Два приятеля, чтобы запутать следы, опустились на киевское «дно». В каждом городе Российской империи было свое «дно». В Москве это Хитров рынок, Сокольники и Марьина Роща, в Одессе — Пересыпь и Молдаванка, в Ростове — Богатяновка, в Тбилиси — Авлабар, в Питере — Лиговка, а в Киеве — Подол. Подольское «дно» располагалось в окрестностях Житнего рынка, который уже с XV века был основным торговым центром Киева.
Сам рынок, как и одесский Привоз, окружен большим количеством галантерейных деревянных «рундуков». Вокруг рынка стоит стойкий запах испражнений, помоев, гнилых помидоров и арбузов. На мостовых валяются отбросы овощей и фруктов, рыбьи внутренности, конский навоз, пучки соломы и разный хлам.
В близлежащих домах обычно собираются серьезные блатные компании. А ближе к горкам находятся ночлежки, притоны и места, где орудуют барыги — скупщики краденого. Места потаенные — в глубине дворов, среди зарослей сирени. В теплое время года на пустырях и горках в окрестностях Житнего рынка ночуют бродяги и нищие.

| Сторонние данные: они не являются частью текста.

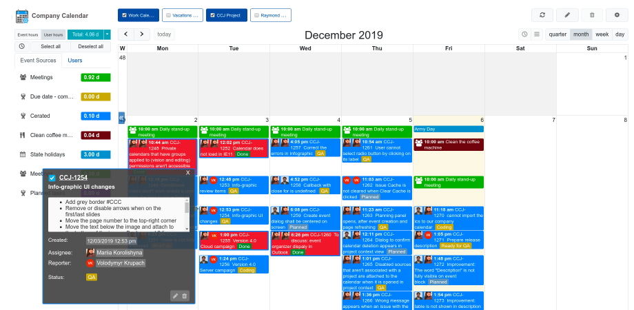 Jira Google Calendar Integration 2024. Export to ICS. 🧩 Customize your calendar display and event filtering to better manage your time and meet your objectives. Hi @Maité Gé Varona welcome to the Atlassian Community. With multiple projects in the works and hundreds of tasks on your plate – how are you supposed to find time to actually get stuff done? Calendar Event to Jira Worklog is a Google Calendar add-on that allows you to create worklogs in your selected Atlassian Jira Cloud instance from your calendar event. Read the guide Learn from the experts Find out how easy it is to connect tools with Unito at our next demo webinar. Their are market place plugins for this integration you may try: jira and google calendar integration. Personalize the period, working days, working hours, event slot size, event types, filtering parameters, and color schemes for each team and task type. Upload from Google Drive Issue Events: Google Calendar integration for Jira – Appfire There was a problem accessing this content Check your network connection, refresh the page, and try again.
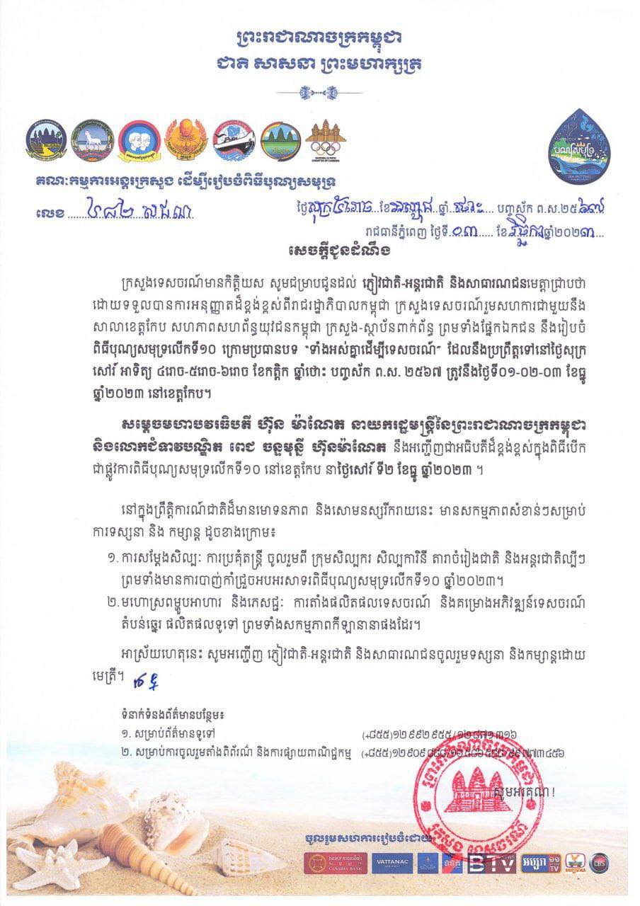 បន្ថែមផងដែរថា សម្ដេចមហាបវរធិបតី ហ៊ុន ម៉ាណែត នាយករដ្ឋមន្ដ្រីនៃព្រះរាជាណាចក្រកម្ពុជា និងលោកជំទាវបណ្ឌិត ពេជ ចន្ទមុន្នី ហ៊ុនម៉ាណែត នឹងអញ្ជើញជាអធិបតីដ៏ខ្ពង់ខ្ពស់ក្នុងពិធីបើកជាផ្លូវការពិធីបុណ្យសមុទ្រលើកទី១០ នៅខេត្តកែប នាថ្ងៃសៅរ៍ ទី២ ខែធ្នូ ឆ្នាំ២០២៣។

Тихо вечерами на пустынных подольских улицах и в кривых переулках. Но эта тишина обманчива. Именно сюда стекаются после «трудового» дня обиженные жизнью: мелкое ворье и базарные аферисты, босяки и карманники, фармазонщики и шмары, паралитики, венерики, попрошайки, дегенераты всех мастей, просто бездельники — после дневных блужданий по базару и от одной церкви к другой. (Во Фроловском монастыре, например, их бесплатно кормят пирогами и квасом.) Они идут сюда, чтобы скоротать ночь.